Definition
A risk that a pilot accepts during flight planning or operation without any corresponding benefit to safety, mission completion, or training value. In risk management, an unnecessary risk is one that could be removed, reduced, or avoided entirely without compromising the purpose of the flight.
Plain English
A risk you are taking that you don't actually need to take. You could remove it and still complete the flight just as well.
Context Anchor
Seen in risk management and aeronautical decision-making discussions when a pilot decides whether to go, continue, delay, divert, or change the plan.
Derivation
“Unnecessary” means “not needed.” “Risk” comes from older words connected with danger or uncertainty. Together, the phrase points to danger that is not required for the flight’s real purpose.
Why Pilots Care
Accepting unnecessary risk is a leading contributor to preventable general aviation accidents.
Intuition Check
Unnecessary risk does not mean all risk can be removed from flying.
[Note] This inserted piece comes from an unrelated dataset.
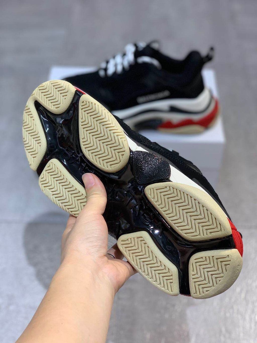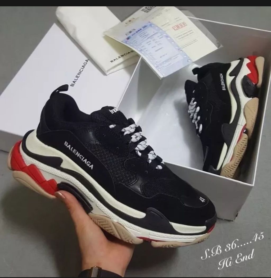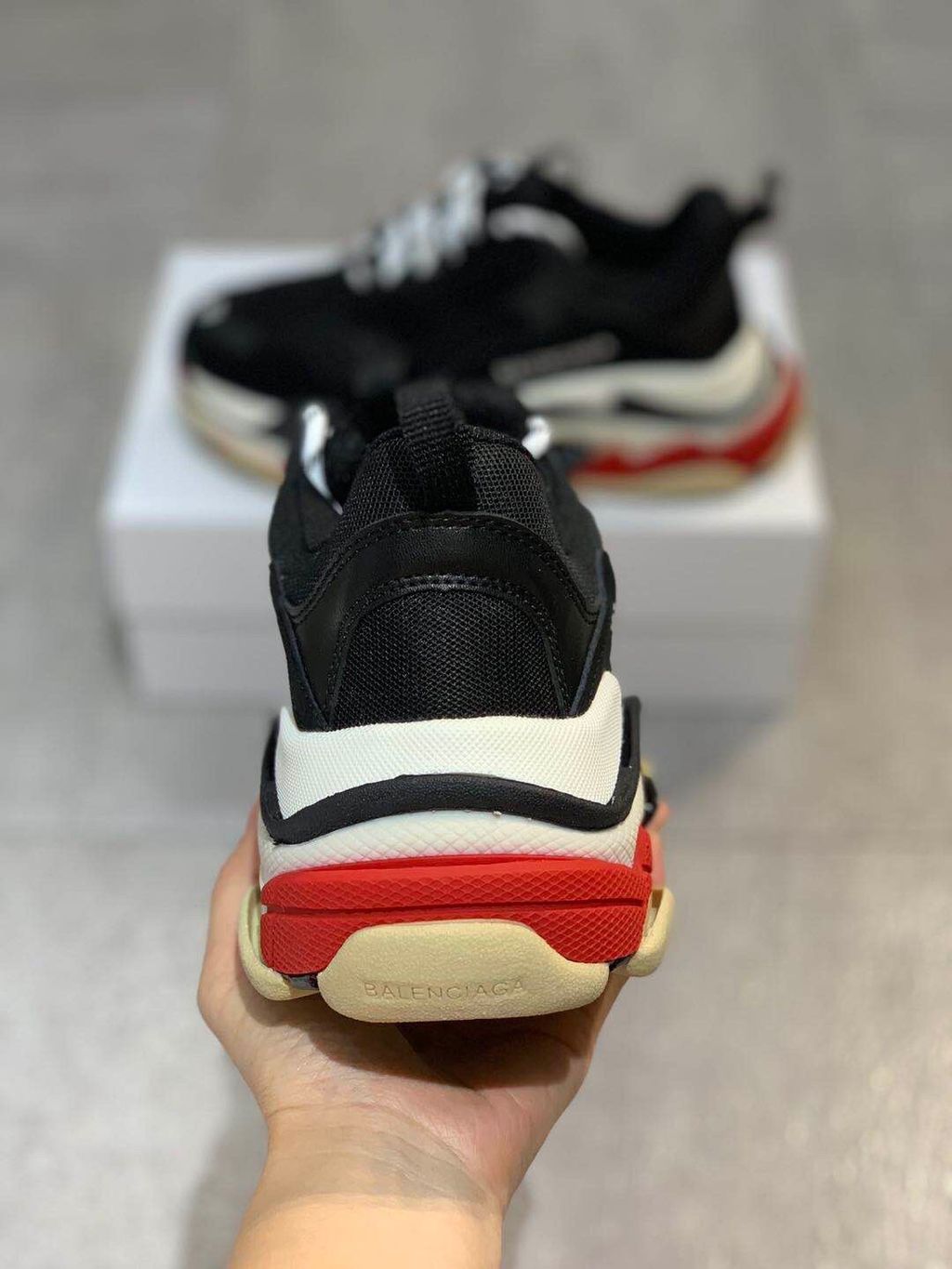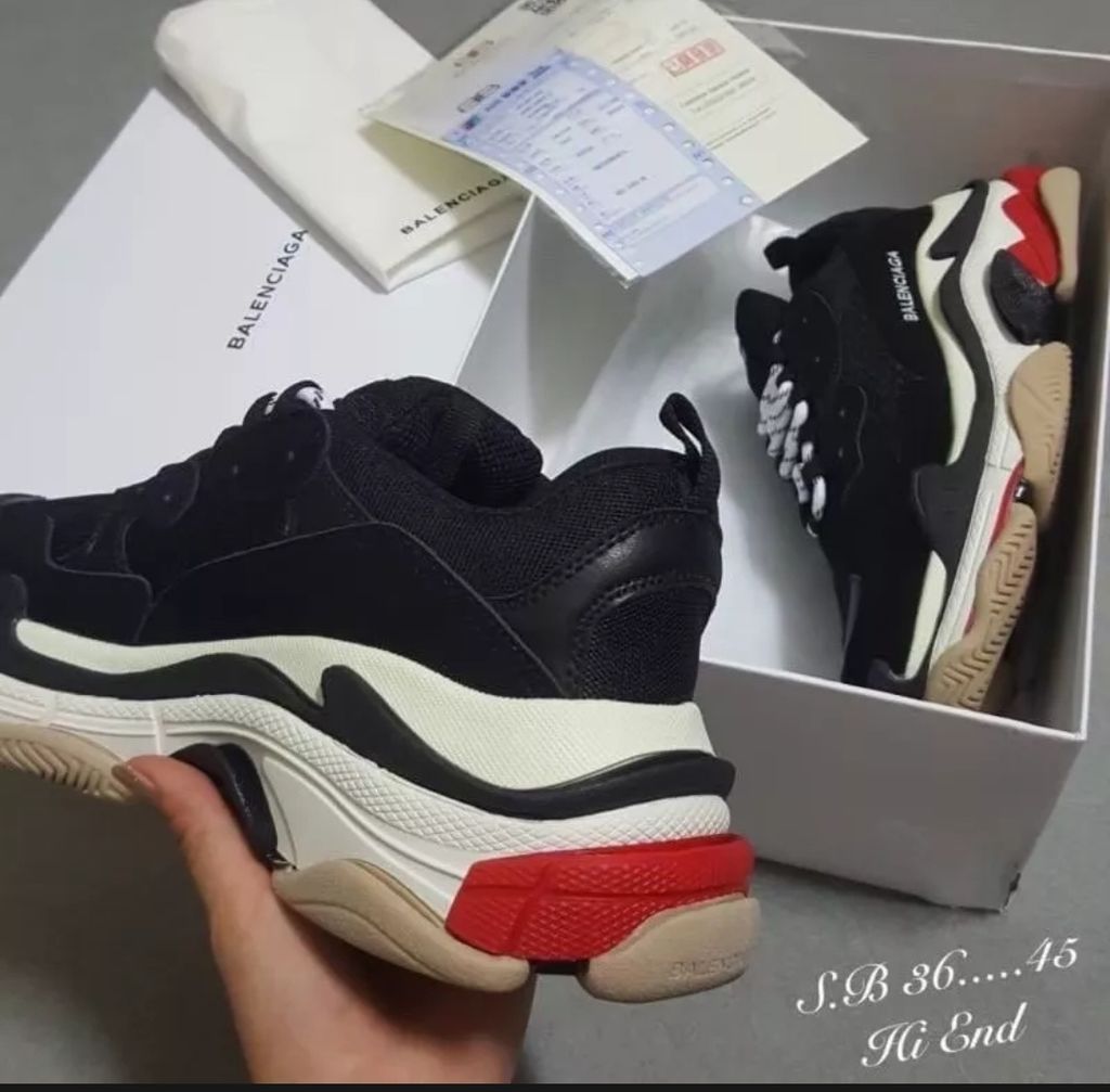 The Triple S by Balenciaga was first seen in January of 2017, but it dropped only in September of the same year. Once it launched, the shoes shook the sneaker scene and started the "Dad" sneaker trend. Today, they are on the feet of sneaker fans and celebrities all over the world. These are crafted from leather and mesh into a chunky size, achieved by the high complex soles. They feature the shoe size on the tip of the toes, the label on the sides and bicolor laces on the vamps.

It means the pilot is accepting a danger that is not needed, or that could be lowered by a reasonable choice.
Example Sentence 1
Departing without checking the latest weather briefing introduces an unnecessary risk, since the information is freely available and takes only minutes to review.
Example Sentence 2
By reviewing the NOTAMs and adjusting the departure time, she removed what would have been an unnecessary risk from the flight.